Enabling Annotation of Historical Corpora in an Asynchronous Collaborative Environment

Enrique Manjavacas & Peter Petré

DATECH17; 01/06/2017; Göttingen

https://emanjavacas.github.com/slides/datech17

1 Introduction

Context

Mind-bending grammars (ERC-project on grammar changes in adults)
- How much innovation across the lifespan?
- Who innovates and why?
- For social or cognitive reasons?
Annotation of the EMMA Corpus Early-Modern Multiloquent Authors
- 100m words of 17th/18th Century English
- Metadata (author, date, genre, generation)

My Goals

Improving Corpus-Linguistics Research
Simplifying Developement of Corpus Query/Annotation tools

2 Improving Corpus-Linguistics Research

Annotation-based Corpus Linguistics

Corpus Query ⇒ hits
Filter False Positives
Add Linguistic Annotation
Quantitative Analysis

Problems

Linkage problem
Synchronization problem

Linkage problem

Typical Corpus Linguistics Workflow

Drawback

Spread of non-reusable data

Synchronization problems

in multi-user, real-time environments

Intrinsic: related to the linguistic annotation process itself
Extrinsic: related to software synchronization challenges

Intrinsic

Unifying annotation schemes and their usage

Modification of tagsets (create, remove & change tags)
Interpretational disagreements (spotting & correcting)

Extrinsic

Fundamental problem of collaborative software/distributed systems

“How to ensure that dispersed users are able to modify a shared body of documents without overwriting each other’s changes”

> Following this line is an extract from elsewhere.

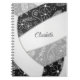 Ce joli carnet à thème volleyball présente l'image réaliste d'un volleyball abstrait surdimensionné qui a des panneaux bleus, gris et blancs avec des fleurs de doodle délicates dessinées à la main, des plumes et des paislies en blanc modelé sur les panneaux bleus et gris du volleyball - customisez avec le nom de l'athlète - par katz_d_zynes
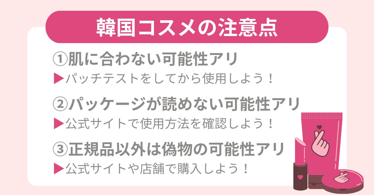 以下では、韓国コスメの注意点と、対策方法を紹介します。

3 Simplifying Developement of Corpus Query/Annotation tools

Current issues

End-to-end monolithic tools ⇒ hard to adapt & integrate
Public APIs for programmers are typically missing
Result ⇒ Lots of rewriting, redundant tools

Solutions

Modular design + Interface programming in corpus-tool developement
Explicit separation of front-end and back-end logic (e.g. BlackLab)

4 CosyCat

Collaborative Synchronized Corpus Annotation Tool

https://www.github.com/emanjavacas/cosycat

Written in Clojure/ClojureScript
Open source (Eclipse Public License)

What does it do?

Encompass Corpus Query Engine + Annotation Interface
Enable synchronized real-time multi-user annotation of text
Follow modular design for easy reusability/adaptation of pre-exisiting tools

Architecture

Web-based Client

Real-time feedback client-to-client following a Pub/Sub architecture

Subscribers are assigned roles & permissions (resource access control)

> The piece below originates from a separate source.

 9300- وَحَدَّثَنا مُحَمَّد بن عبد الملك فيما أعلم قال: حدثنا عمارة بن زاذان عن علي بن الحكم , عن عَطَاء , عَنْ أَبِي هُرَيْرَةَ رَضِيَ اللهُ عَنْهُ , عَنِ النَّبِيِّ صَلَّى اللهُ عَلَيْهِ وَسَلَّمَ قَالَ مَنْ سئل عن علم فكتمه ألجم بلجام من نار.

Conflicts are explicitely resolved and documented using threads

Annotation Database

Support for Token & Span annotations

Token

{
    "ann" : {
            "key" : "pret",
            "value" : "s"
    },
    "corpus" : "mbg-index",
    "query" : "'gat'",
    "span" : {
            "type" : "token",
            "scope" : 133601,
            "doc" : "A01342"
    },
    "timestamp" : 1476095003208,
    "username" : "OscarStrik",
    "version" : 0
}

Span

{
    "ann" : {
            "key" : "cxnele",
            "value" : "getobj"
    },
    "corpus" : "mbg-index",
    "query" : "'gat'",
    "span" : {
            "type" : "IOB",
            "scope" : {
                    "B" : 3222,
                    "O" : 3224
            },
            "doc" : "99863288"
    },
    "timestamp" : 1476095439636,
    "username" : "OscarStrik",
    "version" : 0
}

Version-controlled: Each annotation has a revision history

Corpus-query engine

Decoupling of Front-end and Query-engine

Decoupling of Front-end and Query-engine
Currently support for BlackLab Server
Ongoing work on support for CQP

5 Remaining Challenges

Incremental Indexing of Corpus Annotations

How to make the corpus query engine aware of the new annotations?

Scale

Support large user groups (Currently working with some few dozens)